When the contents described above are expressed in other words, the processing system 1 estimates the exterior appearance of the battery on the basis of the learned model M1 and outputs the result of the estimation. Specifically, the processing system 1 uses the learned model M1 and outputs, as a result of estimation, whether the exterior appearance of the battery is good (OK) or defective (NG).
The third acquirer 13 of the present embodiment acquires identification data D1 to which a label has been assigned. In the present embodiment, the identification data D1 is, similarly to the learning data D2, for example, image data, and the object 5 shot in the image data is a battery. The identification data D1 is, for example, training data newly obtained for re-learning for updating the learned model M1 about which the machine learning is completed. More specifically, the identification data D1 is data which will be learning data to be newly added besides currently available learning data or will be learning data used to update the currently available learning data. The identification data D1 may be assigned “OK” or “NG” similarly to the plurality of pieces of learning data D2.
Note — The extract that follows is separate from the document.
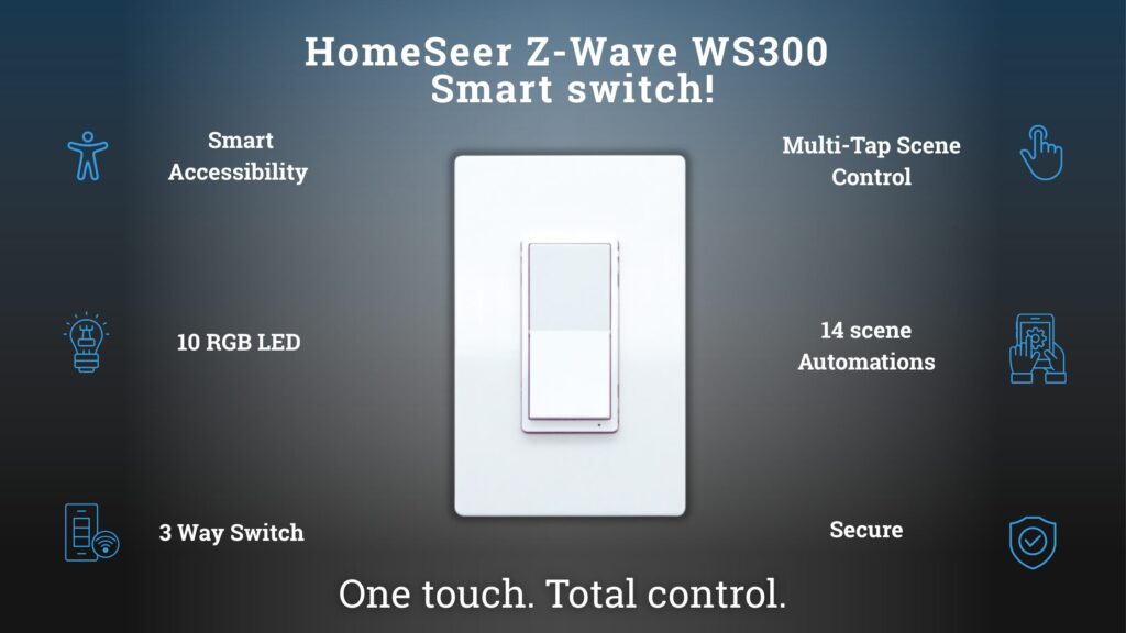 The WS300 is the latest 800 series Z-Wave smart-switch from HomeSeer. It is capable of single and 3-way configurations, it also offers remote and local control. It is Z-Wave enabled, supports S2 security and Z-Wave Long Range, hosts customizable LED’s and has the ability to activate multi-tap based scene control.

Incidentally, generating a model by machine learning requires work (labeling) of assigning labels to the training data (identification data D1 and learning data D2) by a person. However, when labels are assigned by a person, simple work mistakes may occur, or the standard of labeling may become vague depending on people. As a result, the labeled training data may include data which is assigned an inappropriate label (wrong label). A wrong label may be present in identification data D1 which is newly obtained as well as in the learning data D2 used for generation of the learned model M1.
In the present disclosure, the wrong label refers to a label which is assigned to data and which is inappropriate. Examples of the wrong label include an NG label actually assigned to data which should be assigned an OK label and an OK label actually assigned to data which should be assigned an NG label.
In the processing system 1 of the present embodiment, the identifier 14 identifies the identification data D1 on the basis of the learned model Ml. The extractor 15 extracts, based on an index which is applied in the learned model M1 and which relates to similarity between the identification data D1 and each of the plurality of pieces of learning data D2, one or more pieces of learning data D2 similar to the identification data D1 from the plurality of pieces of learning data D2. As used herein, the “index which is applied in the learned model M1 and which relates to similarity” is, for example, an index in a fully connected layer directly before an output layer in the deep learning and is a Euclidean distance in the present embodiment. That is, a “distance” is obtained from a feature amount such as a pixel value obtained from two images which are compared, and the closeness of the two images is estimated. The “distance” which is an index of similarity is inversely proportional to the similarity. The “distance” which is an index of similarity may be Mahalanobis' generalized distance, Manhattan distance, Chebyshev distance, or Minkowski distance besides the Euclidean distance. Further, the index is not limited to the distance but may be similarity, (correlation) coefficient, or the like, and may be, for example, the similarity of n-dimension vectors, cosine similarity, a Pearson correlation coefficient, deviation pattern similarity, a Jaccard index, a Dice coefficient, or a Simpson's Coefficient.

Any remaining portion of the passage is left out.